Identification and quantitation of lipid biomarkers using accurate mass spectrometry


Combining non-targeted and targeted analyses using the ZenoTOF 7600 system

Jack Steed1 , Freddy Oostebring2 and Rivca Valk2
1SCIEX, UK; 2Ardena Bioanalysis Assen, The Netherlands

Abstract


Combining qualitative and quantitative workflows to identify and quantitate lipid biomarkers in a mouse brain matrix using the ZenoTOF 7600 system

Introduction


This technical note describes a method for the analysis of glucosyl and galactosyl ceramides in a mouse brain matrix. Mouse brain contains numerous endogenous lipid biomarkers that often have similar structures, making interferences common. Sometimes analyses reveal novel interferences or interferences that increase or decrease between treatment groups. In these cases, it is important to identify these peaks to assess whether they might be clinically relevant and if they can potentially provide further information about the diseased state. Figure 1 highlights how the ZenoTOF 7600 system can be utilized for both quantitative and qualitative workflows for lipid biomarkers. High levels of sensitivity and quantitative performance were achieved while identifying interferences and/or other potential biomarkers. The glucosyl and galactosyl ceramides analyzed here are biomarkers for numerous diseases, including lysosomal storage diseases (LSDs), such as Gaucher, Fabry, Niemannpick and Krabbe diseases. Additionally, these compounds might be biomarkers for cancers, Parkinson’s disease or Alzheimer’s disease. 1-4 Therefore, the analysis of these compounds is important to many researchers interested in predicting, determining and ultimately treating disease. 

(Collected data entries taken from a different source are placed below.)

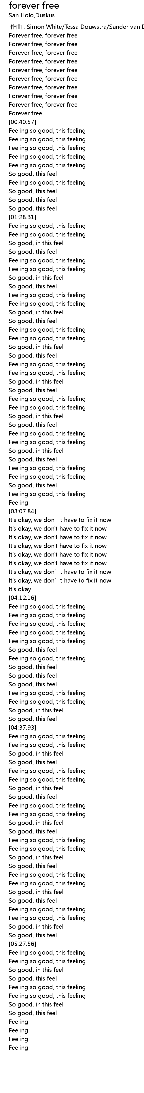 | [05:16.44] | So good, in this feel |
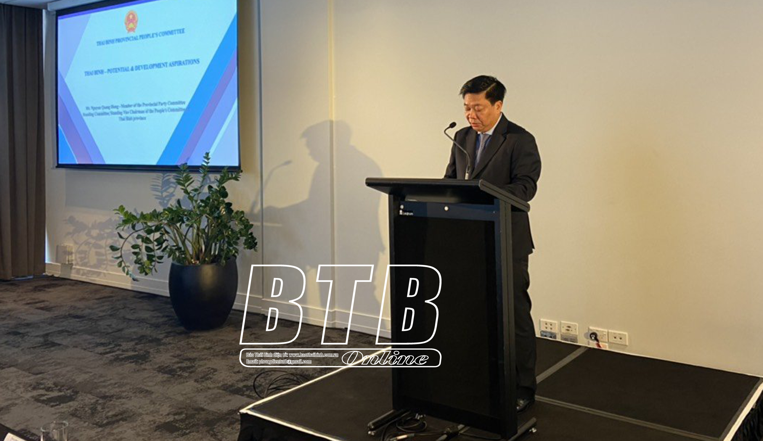 Phát biểu tại hội nghị, đồng chí Nguyễn Tiến Thành, Phó Bí thư thường trực Tỉnh ủy, Chủ tịch HĐND tỉnh khẳng định: Hội nghị xúc tiến giao thương, đầu tư vào tỉnh Thái Bình có ý nghĩa hết sức quan trọng, thể hiện sự quan tâm của các tổ chức, doanh nghiệp New Zealand đối với môi trường hợp tác, đầu tư, kinh doanh của tỉnh trên nhiều lĩnh vực. Đồng chí Phó Bí thư thường trực Tỉnh ủy, Chủ tịch HĐND tỉnh bày tỏ mong muốn sớm được đón các đối tác, doanh nghiệp New Zealand đến nghiên cứu, khảo sát, hợp tác, đầu tư, kinh doanh tại tỉnh; đồng thời, cam kết tỉnh sẽ đồng hành và tạo điều kiện thuận lợi nhất cho các nhà đầu tư trong quá trình thực hiện dự án tại Thái Bình. Đồng chí cũng bày tỏ tin tưởng mối quan hệ đối tác chiến lược sâu rộng giữa Việt Nam và New Zealand nói chung, quan hệ hợp tác giữa tỉnh Thái Bình và các đối New Zealand nói riêng ngày càng phát triển.
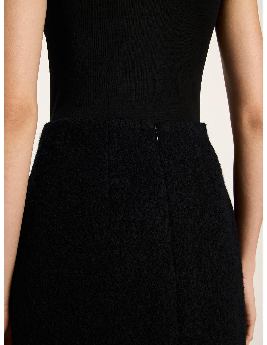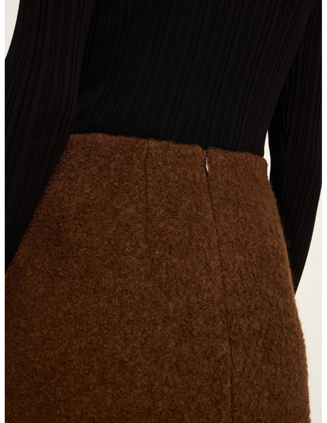 Il tessuto in lana biologica è caldo, naturale e resistente, con una qualità che rimane bellissima nel tempo. La struttura bouclé dà profondità al capo senza appesantirlo, mantenendo una mano piacevole e un aspetto ricercato. La gonna è foderata, per garantire comfort e una vestibilità stabile, e presenta una zip invisibile sul retro che mantiene l’estetica pulita.
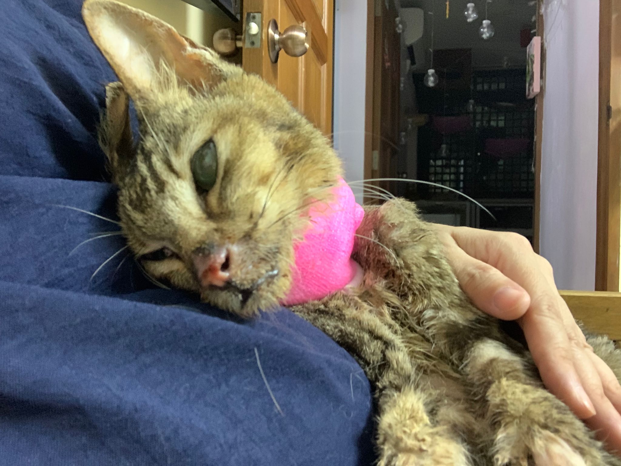 Morning: her hole in neck I didn’t expect it to close cos her skin is stretched by the lump/tumor, so regular clean will be good. Next 2 weeks or so when I can’t come daily I’ll let her air. Now bandage I still feel safer and cleaner for her n others. Her left eye had a few days of longan eyeball but I manage to clean it, but there is a layer of minor ulcer on it? Also re her k, cos I don’t wanna her be poke anytime soon, maybe after the party, 2 months. So maybe I’ll drop w kcl 2 bags, then the rest will be back to normal drip.

Key features of the ZenoTOF 7600 system for lipid biomarker analysis
 

  • Sensitive identification and quantitation: Identify endogenous interferences and quantify lipid biomarkers in mouse brain samples using the Zeno trap, allowing for high MS/MS sampling efficiency at concentrations as low as 4 pmol/mL

  • Ideal analytical performance: Achieve accurate quantitative performance with % accuracy values between 80–120% at all concentration levels with a linear dynamic range (LDR) spanning 3 orders of magnitude

  • Streamlined data management: Utilize a single platform for data acquisition and processing. Easily identify lipid biomarkers using the ChemSpider tool that is fully integrated into SCIEX OS software.

Figure 1. High quality qualitative and quantitative sample information acquisition with the ZenoTOF 7600 system. The top image highlights how potential biomarkers can be easily identified. The bottom image demonstrates the quantitative power of the system. In this study, sensitive lipid biomarker quantitation was achieved across a concentration range of 4 to 4000 pmol/mL.

Methods


Sample preparation:
Samples were prepared using protein precipitation, centrifugation, supernatant removal and evaporation before being reconstituted in a mixture of methanol, chloroform, acetonitrile and water.

Chromatography: Separation was performed using a ThermoFisher Hypersil Gold Silica column and an ExionLC AD system with a gradient elution.

Mass spectrometry: Acquisition was performed using the ZenoTOF 7600 system, operated in positive ion mode. Datadependent acquisition (Zeno DDA) and Zeno MRMHR were both utilized to collect the data.

Data processing: SCIEX OS software was utilized for data processing.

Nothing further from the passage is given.